Work instructions -> What you write should be an exact repeat of the lines from the one with "VOV.VN - Trong" through the final line below, minus the pictures.

Supplied material ->
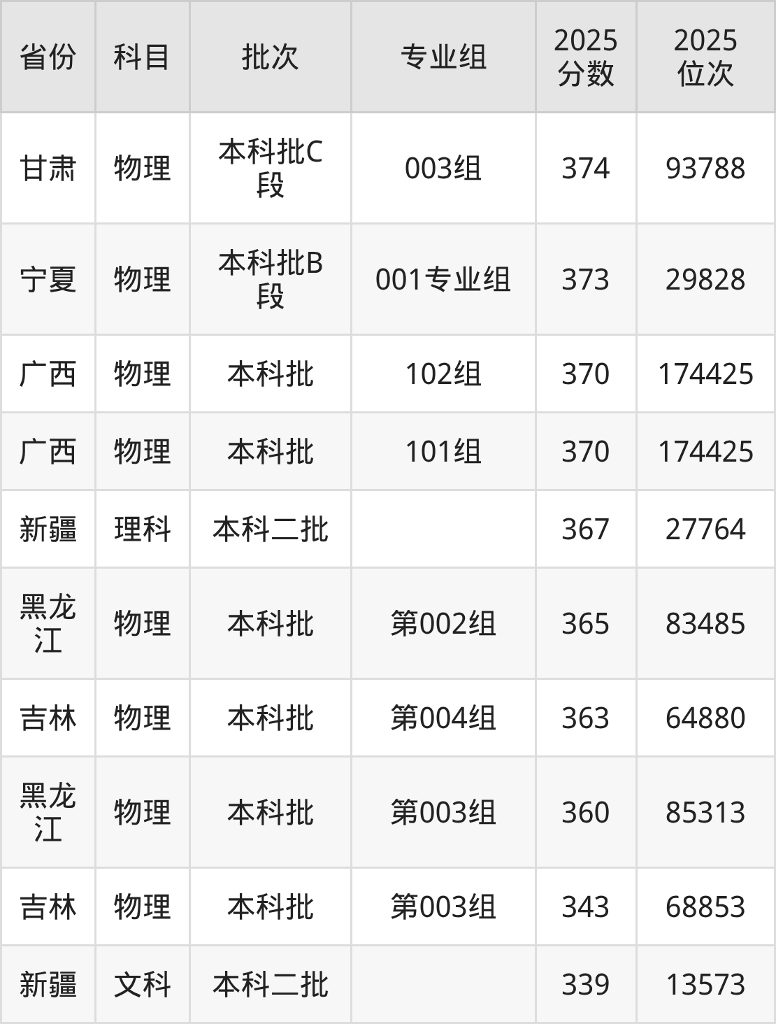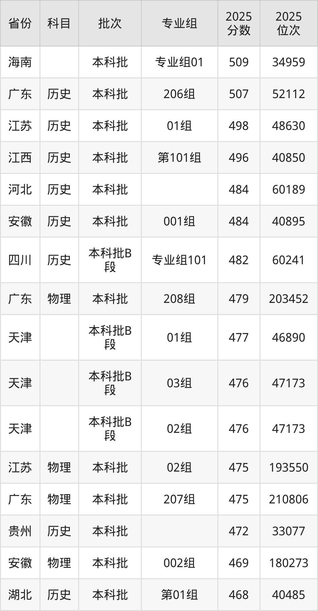 2025年厦门工学院全国录取分数线339分到509分,录取最高在海南(专业组01)、录取最低在新疆(文科)。
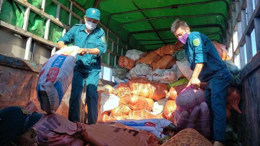 VOV.VN - Trong ngày 9/3, đội tuần tra kiểm soát giao thông đường bộ cao tốc số 2 (Cục CSGT) liên tiếp phát hiện 2 xe tải chở theo số lượng lớn nầm lợn đông lạnh đang bốc mùi hôi thối, không rõ nguồn gốc xuất xứ đi tiêu thụ.
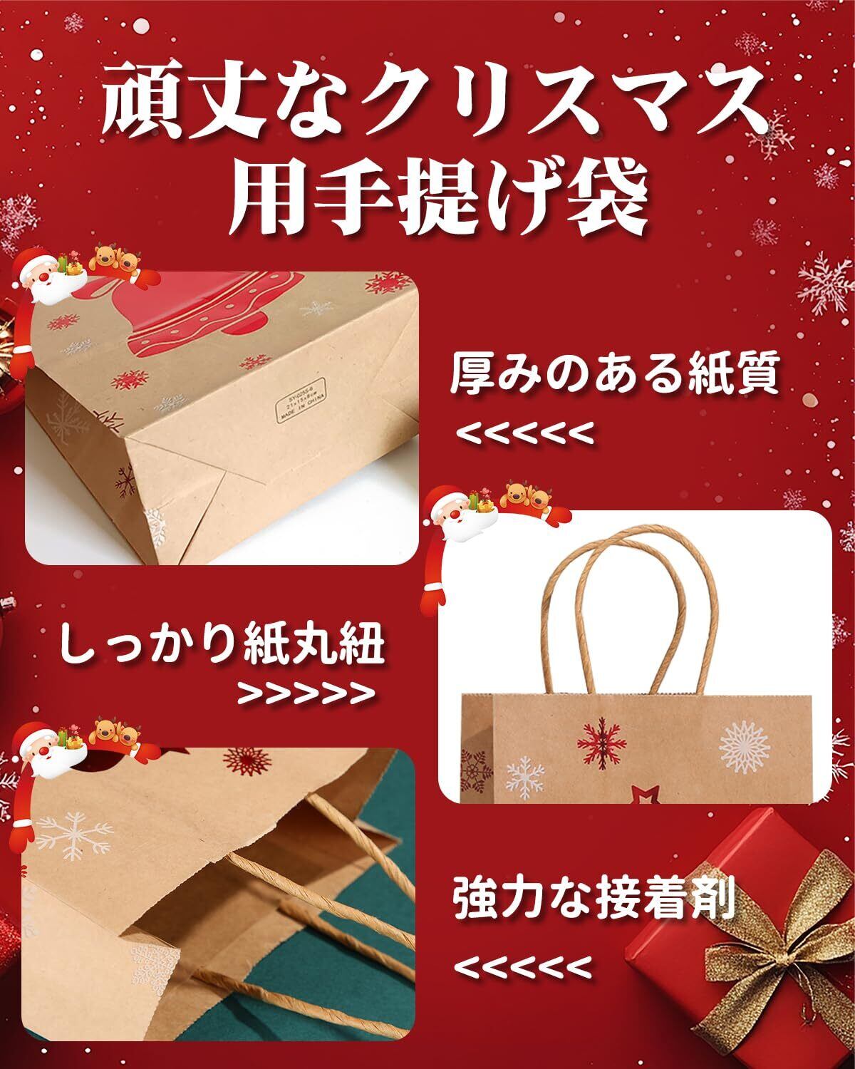 この手提げ紙袋は、クリスマスだけでなく、誕生日やお祝い事にも最適なアイテムです。大切な方へ贈る特別なギフトを、このかわいらしいバッグで包むことで、心のこもった贈り物として確実に喜ばれることでしょう。

The completed task ->
 VOV.VN - Trong ngày 9/3, đội tuần tra kiểm soát giao thông đường bộ cao tốc số 2 (Cục CSGT) liên tiếp phát hiện 2 xe tải chở theo số lượng lớn nầm lợn đông lạnh đang bốc mùi hôi thối, không rõ nguồn gốc xuất xứ đi tiêu thụ.
 この手提げ紙袋は、クリスマスだけでなく、誕生日やお祝い事にも最適なアイテムです。大切な方へ贈る特別なギフトを、このかわいらしいバッグで包むことで、心のこもった贈り物として確実に喜ばれることでしょう。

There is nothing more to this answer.